こうした仕組みは福祉国家以前からありました。福祉の充実が家族制度を変えたのではなく、家族制度を維持する方向で福祉が発達したのですね。
では、年金も保険も未発達な時代に、高齢者の生活はだれが支えていたのでしょうか。それは、親が引退する時、農園や商売を子どもが買い取る習慣があったからです。もちろん、必ずしも子どもに売る義務があるわけではありませんが、親は手数料がかからないし、子どもは市価より安く買えるので、親子とも満足する取引ななることが多いようです。
その取引を仲介したり、子どもに資金を融通するのは親の取引銀行です。経営の内容をよく知っているし、妥当な売却金額を算定する能力も備えているからです。

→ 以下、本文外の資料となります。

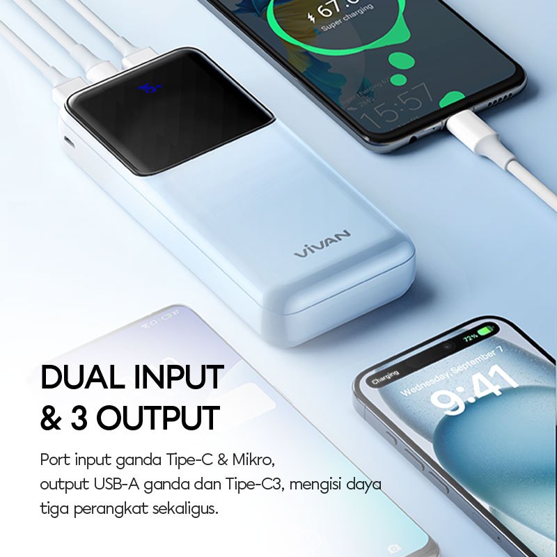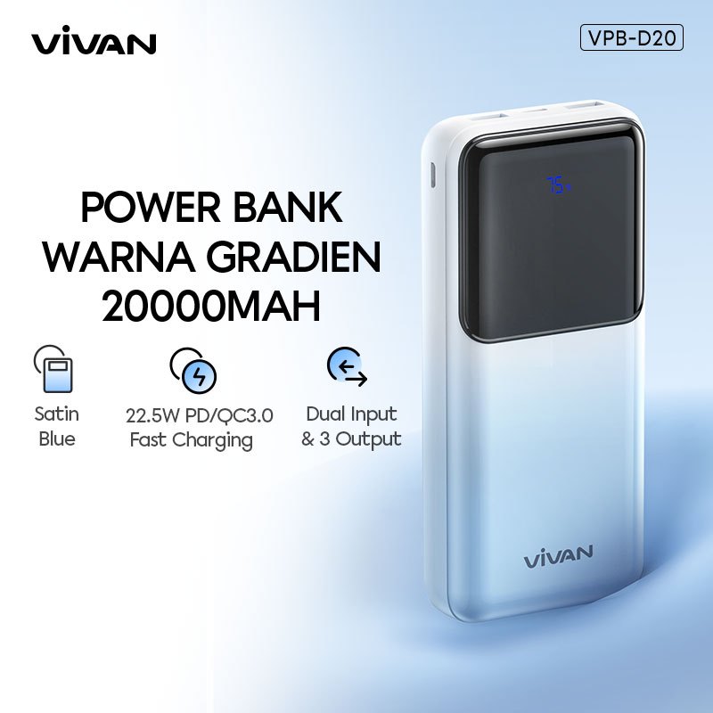 VIVAN POWERBANK 20000MAH FAST CHARGING 22.5W 2 INPUT 3 OUTPUT VPB-D20 GARANSI 18 BULAN

引退した夫婦は、アメリカならフロリダやハワイ、ヨーロッパならフランス、スペインの地中海岸など、太陽と砂浜のある保養地に引っ越します。積極的に人生を楽しむのがかれらの理想なのです。
それほど余裕がない高齢者は、家を処分して田舎の小さな別荘に移り住みます。さらに病気や障害がでてくると、高齢者向けの施設に入ります。クリスマスに孫たちが遊びにくるのが最大の楽しみのようです。
もちろん、北欧の場合は結婚についての意識の変化も無関係ではありません。しかし、これは家族の崩壊ではありません。いまや西欧諸国では婚外子(結婚していない夫婦の子ども)の割合は50%を超える国もありますが、家族のかたちに変化があったとはいえません。
もともと、質問者が示したこの統計は世帯を単位にしているので、家族に読みかえるのは間違いです。